On 1/11/2013 7:52 AM, Martin Gregorie wrote:
On Thu, 2013-01-10 at 19:49 -0500, Kevin A. McGrail wrote:
Do the scenarios you have identified cover all current usage of spamd?

The only use scenario I mentioned is entirely my own: I make no claims
that anybody else uses spamc in the same way.
I understand that but realize that this makes taking any overarching input from you fairly difficult to accept.

  Specifically things like MTAs that integrate spam checking especially
midstream and use these various exit levels?

Now for my suggested option changes: these were written on the
assumption that, with the exception of the EX-TOOBIG kludge when -x is
in force and which is now known to be undocumented,
I've addded to the docs that * The EX_TOOBIG error level is never used.

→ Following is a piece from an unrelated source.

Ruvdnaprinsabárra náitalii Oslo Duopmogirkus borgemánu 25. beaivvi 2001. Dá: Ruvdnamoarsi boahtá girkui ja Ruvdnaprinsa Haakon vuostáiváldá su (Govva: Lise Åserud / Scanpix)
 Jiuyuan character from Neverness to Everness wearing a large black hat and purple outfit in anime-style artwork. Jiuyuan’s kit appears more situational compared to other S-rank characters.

If spamc receives a message that is
      too big, the exit code will be 0.

the spamc manpage is
a true description of the effect of the various options. I haven't
attempted to compare the current code with the current manpage. If there
are discrepancies, then the code and manpage should be synchronised
before 3.4.0 is released.
I'm not aware of any problems but happy to fix them if you note any other issues.
Another deficiency is that the manpage doesn't say whether -E or -x is
the default though it is implied by the -x option description.
It uses neither: By default, spamc will use the 'safe fallback' error recovery method.

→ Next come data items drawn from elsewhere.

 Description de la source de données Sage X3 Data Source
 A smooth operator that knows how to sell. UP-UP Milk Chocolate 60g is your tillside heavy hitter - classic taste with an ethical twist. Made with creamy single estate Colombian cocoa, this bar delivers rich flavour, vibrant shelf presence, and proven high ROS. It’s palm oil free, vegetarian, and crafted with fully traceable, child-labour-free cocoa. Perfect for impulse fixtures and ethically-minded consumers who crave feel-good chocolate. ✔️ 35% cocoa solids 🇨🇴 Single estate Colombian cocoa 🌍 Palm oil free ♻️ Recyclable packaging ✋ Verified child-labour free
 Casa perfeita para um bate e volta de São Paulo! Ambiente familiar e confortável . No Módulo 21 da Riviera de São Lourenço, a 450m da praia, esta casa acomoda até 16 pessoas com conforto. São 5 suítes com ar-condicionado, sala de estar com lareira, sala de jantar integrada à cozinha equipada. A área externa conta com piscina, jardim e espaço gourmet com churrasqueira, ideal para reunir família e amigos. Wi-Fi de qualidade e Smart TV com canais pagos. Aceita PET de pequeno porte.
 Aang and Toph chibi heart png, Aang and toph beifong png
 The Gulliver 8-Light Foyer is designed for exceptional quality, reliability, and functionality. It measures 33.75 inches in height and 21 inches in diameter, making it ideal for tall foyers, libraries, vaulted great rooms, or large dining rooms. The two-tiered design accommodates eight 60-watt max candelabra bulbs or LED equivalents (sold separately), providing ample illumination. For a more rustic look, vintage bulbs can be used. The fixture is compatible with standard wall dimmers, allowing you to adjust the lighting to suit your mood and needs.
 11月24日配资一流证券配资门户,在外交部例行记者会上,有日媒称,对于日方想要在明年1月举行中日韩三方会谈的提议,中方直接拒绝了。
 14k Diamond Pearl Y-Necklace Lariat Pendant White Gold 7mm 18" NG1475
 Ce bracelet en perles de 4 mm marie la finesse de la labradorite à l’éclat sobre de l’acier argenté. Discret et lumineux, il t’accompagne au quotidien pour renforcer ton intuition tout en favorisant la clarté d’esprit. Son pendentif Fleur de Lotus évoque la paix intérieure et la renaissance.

See the first section under EXIT CODES.
If we add flexibility that covers more scenarios, great but to me this
looks like you are talking about removing options that i can only
assume are used. Am i wrong?

With all due respect, yes. I'm suggesting that the default set of exit
codes for all processing options should be what -E --exitcode currently
defines and that -x (possibly renamed) overrides that just as it does at
present. Taking this view makes the -E --exitcode option redundant and,
indeed, confusing so its would be better to document this as the default
set of exit codes and remove the -E --exitcode option. This does not
constrain spamc flexibility or remove any current functionality.
These options were added through real-world usage scenarios. Removing them is not something I can support without more study that we aren't breaking things for people.